**Input data**
•••••

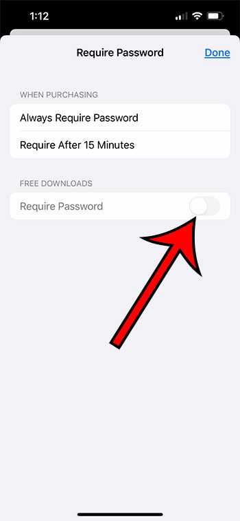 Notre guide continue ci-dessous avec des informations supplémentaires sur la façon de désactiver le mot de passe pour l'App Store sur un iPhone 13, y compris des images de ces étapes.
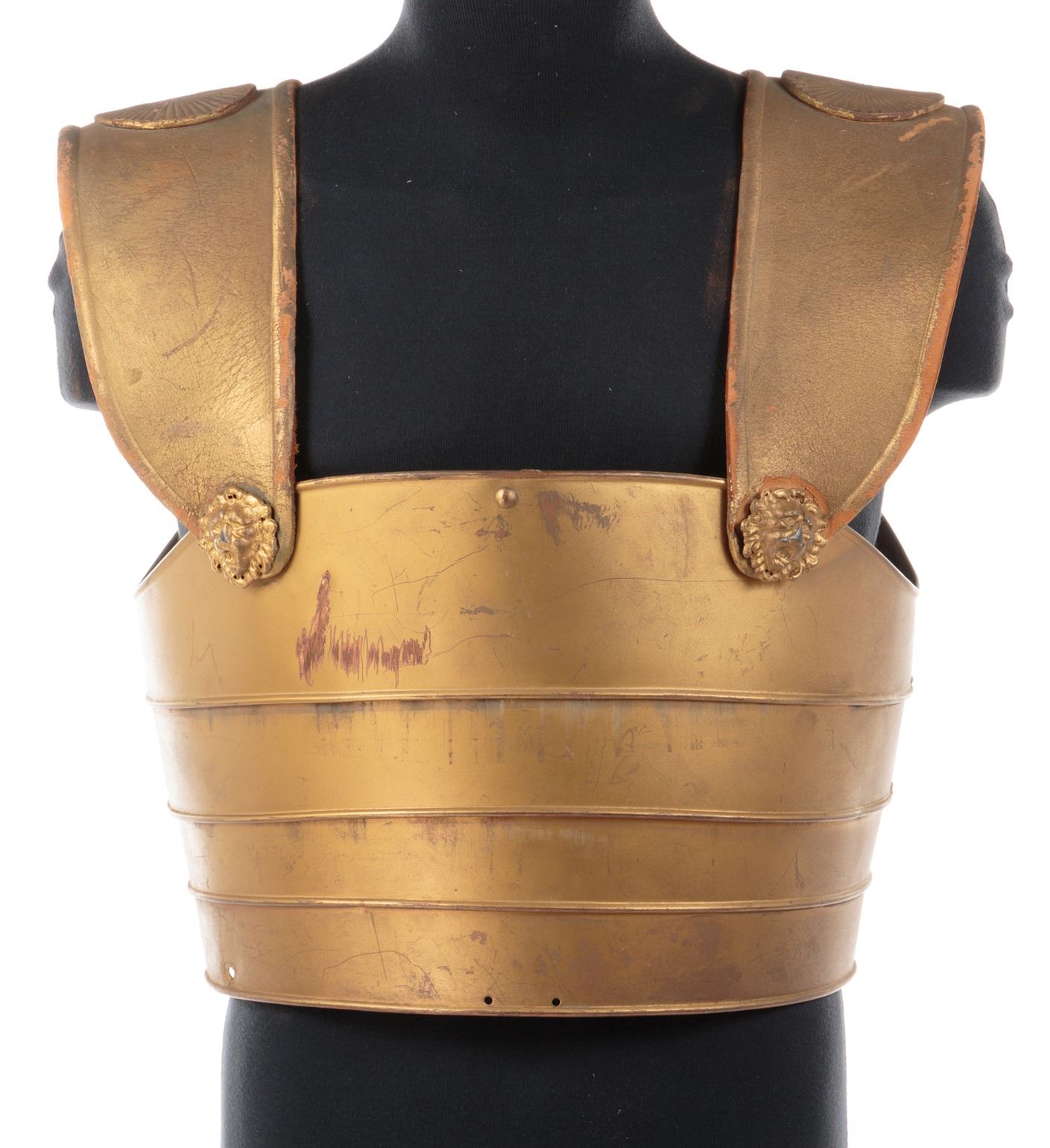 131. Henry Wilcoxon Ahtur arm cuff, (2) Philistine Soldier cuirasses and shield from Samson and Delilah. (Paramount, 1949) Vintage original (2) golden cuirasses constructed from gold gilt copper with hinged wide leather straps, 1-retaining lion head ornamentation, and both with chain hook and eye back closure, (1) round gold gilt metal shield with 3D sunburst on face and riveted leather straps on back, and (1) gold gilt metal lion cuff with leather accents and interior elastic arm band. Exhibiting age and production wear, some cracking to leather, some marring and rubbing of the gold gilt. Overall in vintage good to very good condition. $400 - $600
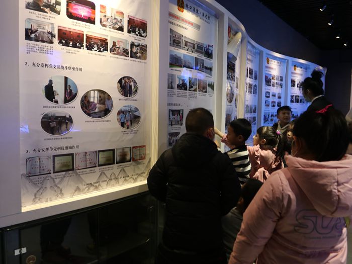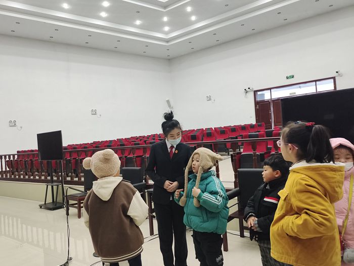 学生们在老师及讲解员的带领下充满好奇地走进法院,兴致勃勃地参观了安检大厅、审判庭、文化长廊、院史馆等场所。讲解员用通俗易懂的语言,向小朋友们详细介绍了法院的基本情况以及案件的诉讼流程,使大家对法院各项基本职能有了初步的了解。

•••••

Excluding pictures, copy exactly the lines from the line containing "131. Henry Wilcoxon" through the last line of the data, inclusive.

**Answer box**
 131. Henry Wilcoxon Ahtur arm cuff, (2) Philistine Soldier cuirasses and shield from Samson and Delilah. (Paramount, 1949) Vintage original (2) golden cuirasses constructed from gold gilt copper with hinged wide leather straps, 1-retaining lion head ornamentation, and both with chain hook and eye back closure, (1) round gold gilt metal shield with 3D sunburst on face and riveted leather straps on back, and (1) gold gilt metal lion cuff with leather accents and interior elastic arm band. Exhibiting age and production wear, some cracking to leather, some marring and rubbing of the gold gilt. Overall in vintage good to very good condition. $400 - $600
 学生们在老师及讲解员的带领下充满好奇地走进法院,兴致勃勃地参观了安检大厅、审判庭、文化长廊、院史馆等场所。讲解员用通俗易懂的语言,向小朋友们详细介绍了法院的基本情况以及案件的诉讼流程,使大家对法院各项基本职能有了初步的了解。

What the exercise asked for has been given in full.